Ex-VW-Konzernchef Martin Winterkorn will sich nach der Anklage und Ausstellung eines Haftbefehls in den USA laut Insidern bei passender Gelegenheit äußern. Er werde dann seine Sicht auf die schweren Vorwürfe im Abgasskandal umfassend schildern, sagte eine informierte Person am Montag der Deutschen Presse-Agentur. Dies hänge aber vom Fortgang der Ermittlungen in Deutschland ab.
Wie lange interne Prüfungen bei Volkswagen andauern, ließ der Konzern offen. Aus der Opposition und von Verbraucherschützern kam erneut Kritik an einem "Kuschelkurs" zwischen Autobauern und Regierung.

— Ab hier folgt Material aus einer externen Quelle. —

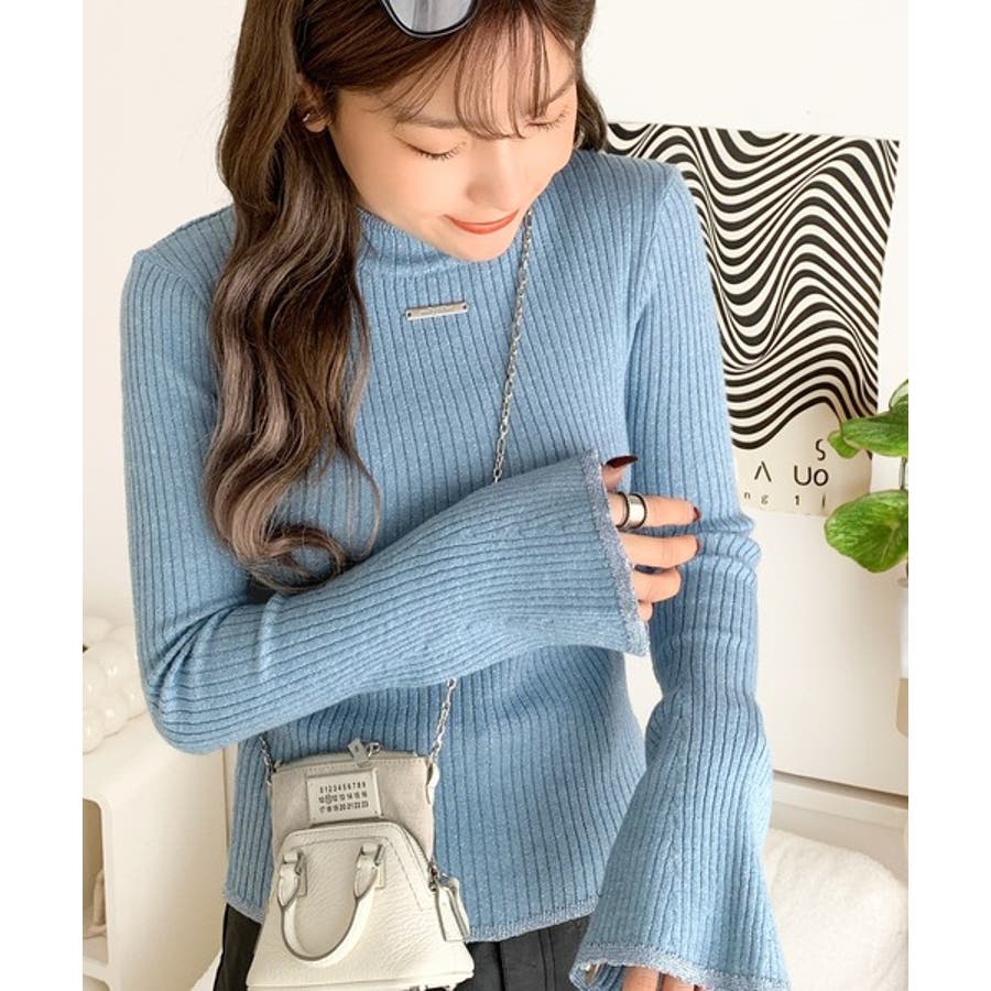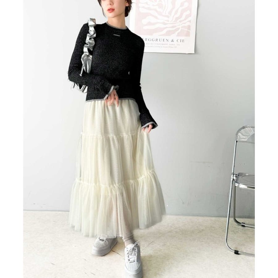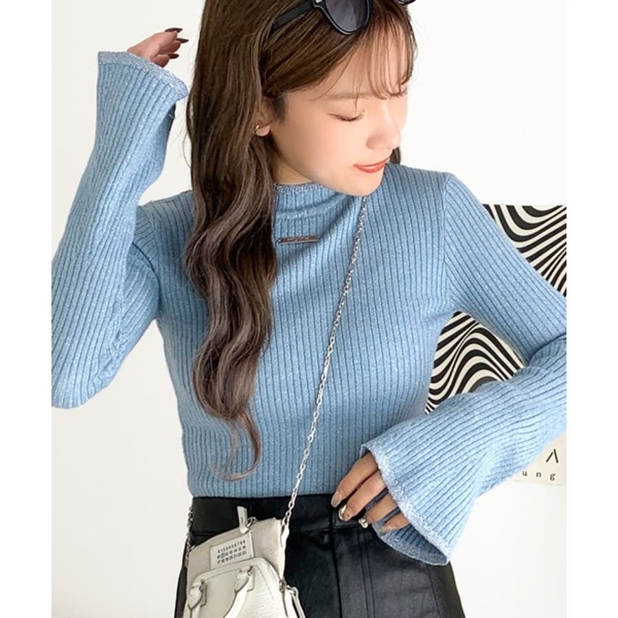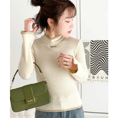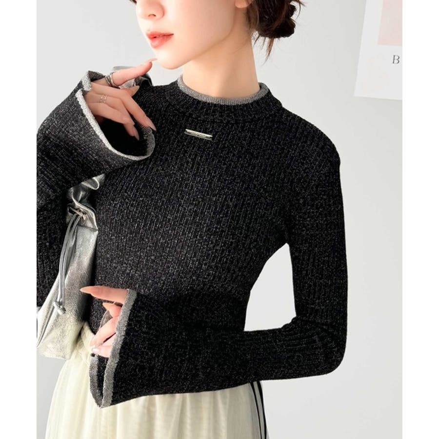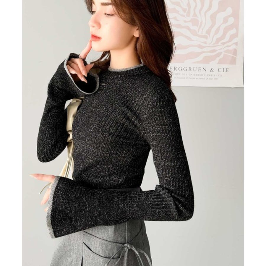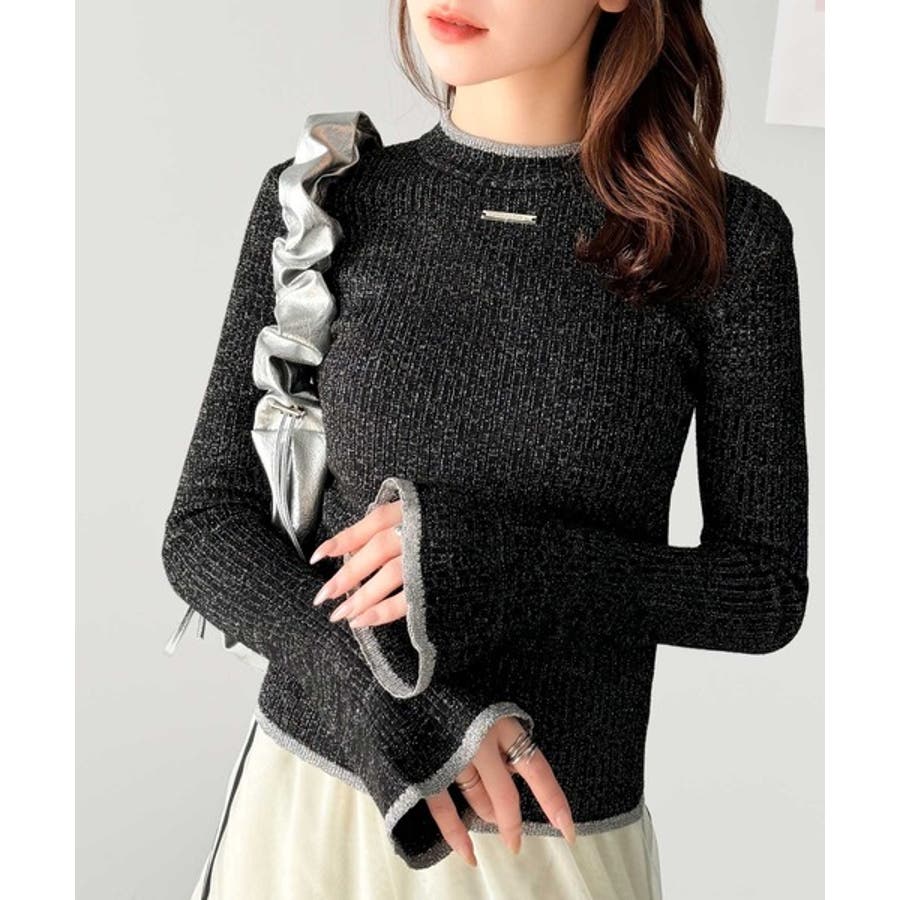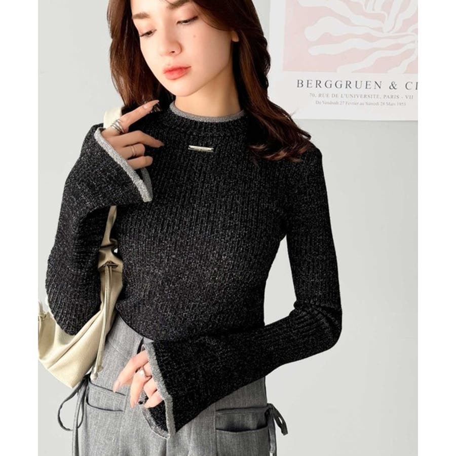 きらきらとしたラメ入り生地が魅力的な「ラメ配色リブプチハイニット」は
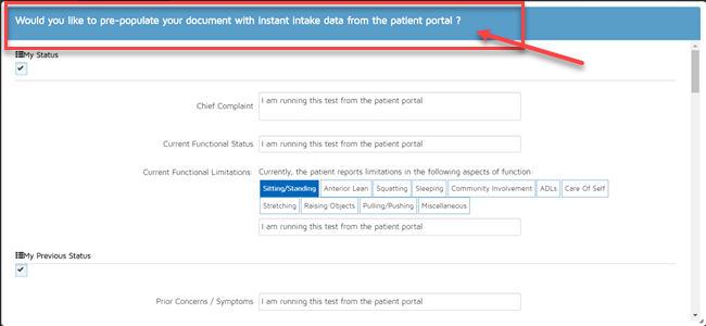 The only exception to this is if the patient logs in to the patient portal and adds/updates information in their instant intake. In that event, the instant intake dialogue box will appear the next time the clinician documents an initial evaluation, re-evaluation or progress note.
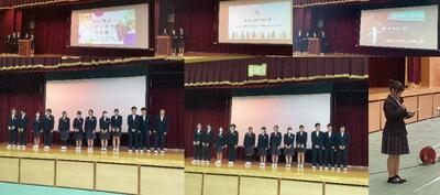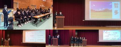 12月12日(金)、お世話になった3名をご招待し、各学年から選ばれた次の生徒が、本校体育館でそれぞれのテーマに沿って発表を行いました。

Winterkorn fühle sich "nicht im Büßergewand", sagte der Insider, der mit dem 70-Jährigen in Kontakt steht. Der ehemalige VW-Vorstandschef verfolge die aktuellen Schlagzeilen aufmerksam. Seine Familie gebe ihm viel Rückhalt. Auch einer seiner Anwälte erklärte, noch sei der Zeitpunkt einer Stellungnahme nicht genau absehbar.
Ermittlungen laufen weiter
Die US-Justiz will Winterkorn wegen Betrugs in der Abgasaffäre zur Rechenschaft ziehen. Ihm wird zudem Verschwörung zum Verstoß gegen Umweltgesetze und zur Täuschung der Behörden vorgeworfen. In Deutschland ermittelt die Staatsanwaltschaft Braunschweig unter anderem wegen Betrugsverdachts weiter gegen ihn.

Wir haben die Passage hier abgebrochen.